Atmosphere absorbs and allocates the ability to excel.
America.
Angela and Aaron argue.
Addy and Avon assimilate. An army of articulate ants, arranging, arraying, aligning, absconding. Ava adorns abridgments; acute abecedarian, advecting amusement. Arranging alphabets and abolishing absurdity, amounting adjectives, adverbs, and advertising aerodynamic advice. Aesthetics alive. Alphabetic architect, aging awesomely. Ava asserts authority.

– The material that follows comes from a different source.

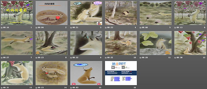 “我的孩子饿得直哭,对不起,让我摘一串葡萄吧。”狐狸妈妈这么说着,跳到葡萄架上,摘了一大串葡萄,急急忙忙往山里跑。

Albatross ascend amid algae aligned aquaplanes. Agriculture adds ambience. Amphibians and anemones adorn. Airy ambience affixes and alights Amber’s affections. Animals agglomerate; an amusing, anthropological anthology. Archeologically amazing aqueducts, arched above aqua-scapes, amiably align the atmosphere. An awesome achievement. Amber apricates. Anxieties, arrogance, apprehension, anger, antagonism, annoyance—all ablated. Ancient Asian architecture adds awesomeness. Animals animate and audition, as Amber adventurously advances. An adolescent amphibian adjoins Amber’s adventure. An alpaca, an adder, an asp, and an aardvark all abequitate.
Aria—also adventurous.
And my mind got tired here so...
(And yes I researched a-words. Arranging them into sentences was the hard part tho. :P Also, I think I used a few of these more than once but I assumed it counted as long as the sentence sorta' made sense.)